Brenda J. Santos, University of Rhode Island
Session Abstract
This teaching workshop is aimed primarily at high school teachers, but it will also be useful to higher education faculty teaching survey courses. We will use a practice-based approach to share our historiography-based curricular model with teachers. We will provide a sample document set and work through it with teachers, modeling teaching strategies that encourage robust discussion about historians’ arguments and evidence.
This workshop is based on our research collaboration, in which we brought together our expertise in history and history education to find out whether and how historiography can be translated into high school curriculum. We designed curricular materials and a think-aloud study to explore the potential advantages and challenges of introducing historiography into the secondary classroom. We found that students’ work with primary sources did not fully prepare them to grapple with secondary historical texts. But we also found that historiography-based documents, paired with dialogic instructional scaffolds, helped students engage in intellectually rich and nuanced analysis of historical arguments and evidence. Our article based on this study will appear in Cognition and Instruction in 2022.

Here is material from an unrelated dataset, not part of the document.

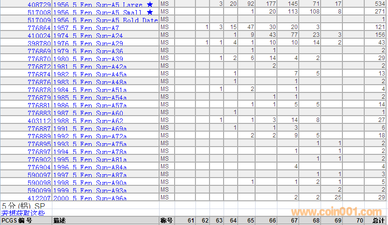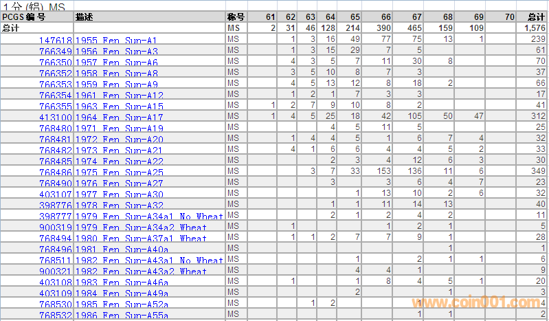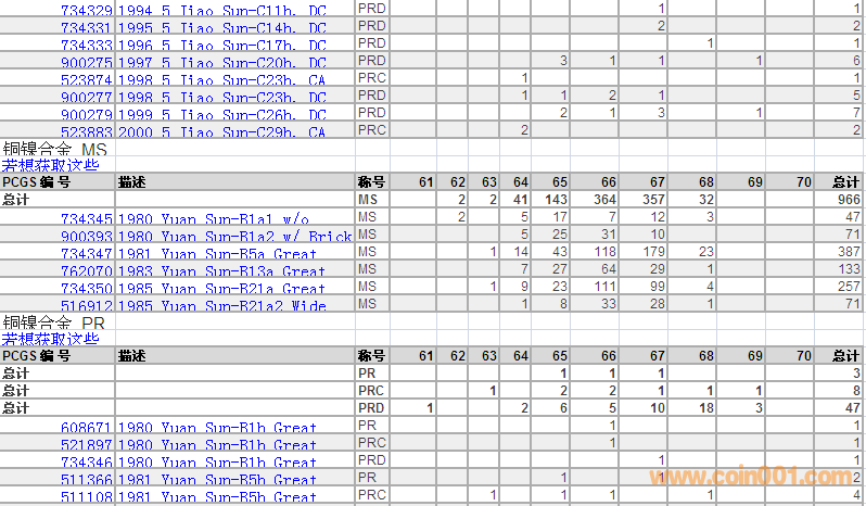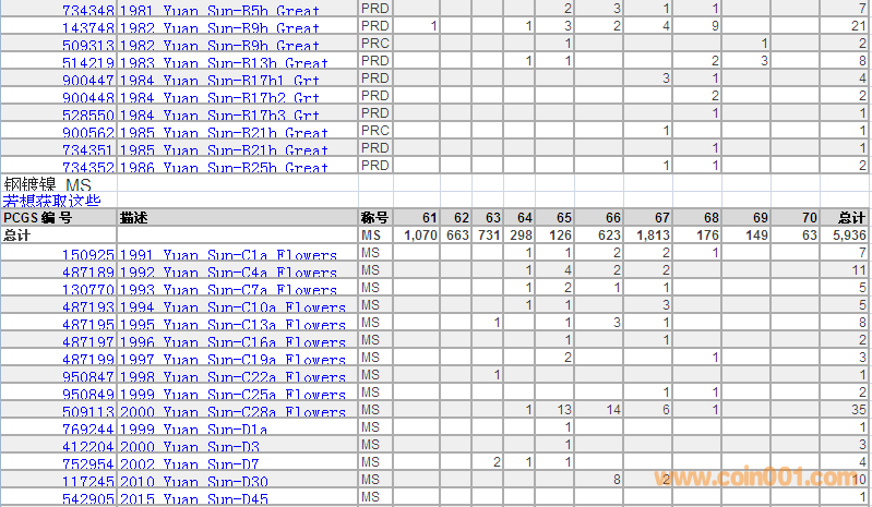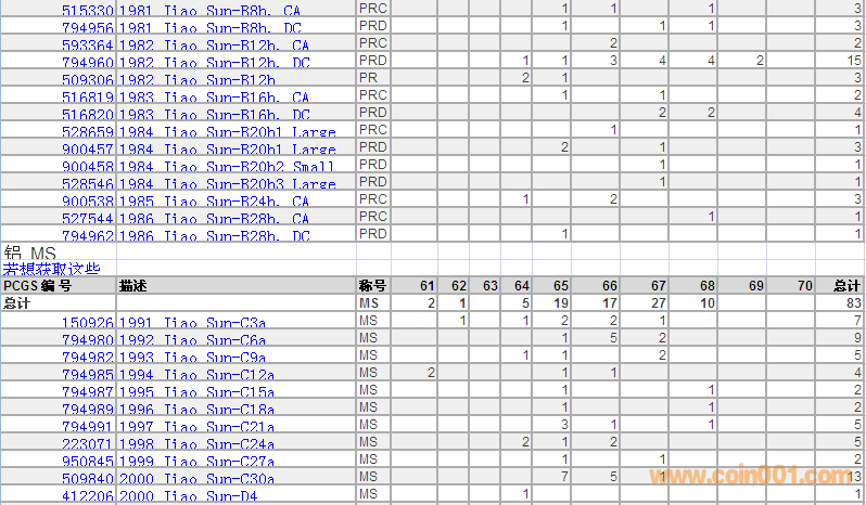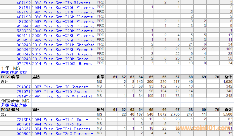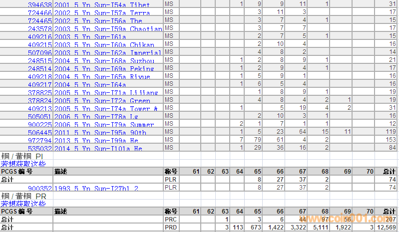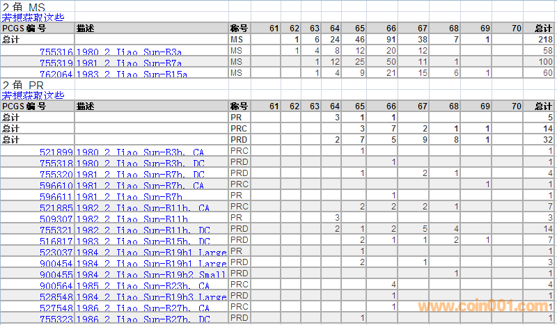 PCGS硬幣評(píng)級(jí)數(shù)量報(bào)告 ..

After the hands-on exploration of the curriculum, the debrief will invite teachers’ feedback and suggestions for how we can improve our model. It will also include a discussion of the principles we developed to create historiography-based document sets. Teachers will have an opportunity to reflect on the different strategies needed to engage high school students in primary source analysis and in analyzing historians’ debates. Finally, we will examine how introducing historians’ debates into high school classrooms can support students in learning that history is constructed, and that it is an evolving body of knowledge, advanced by a community of scholars who follow shared rules of argumentation and evidence.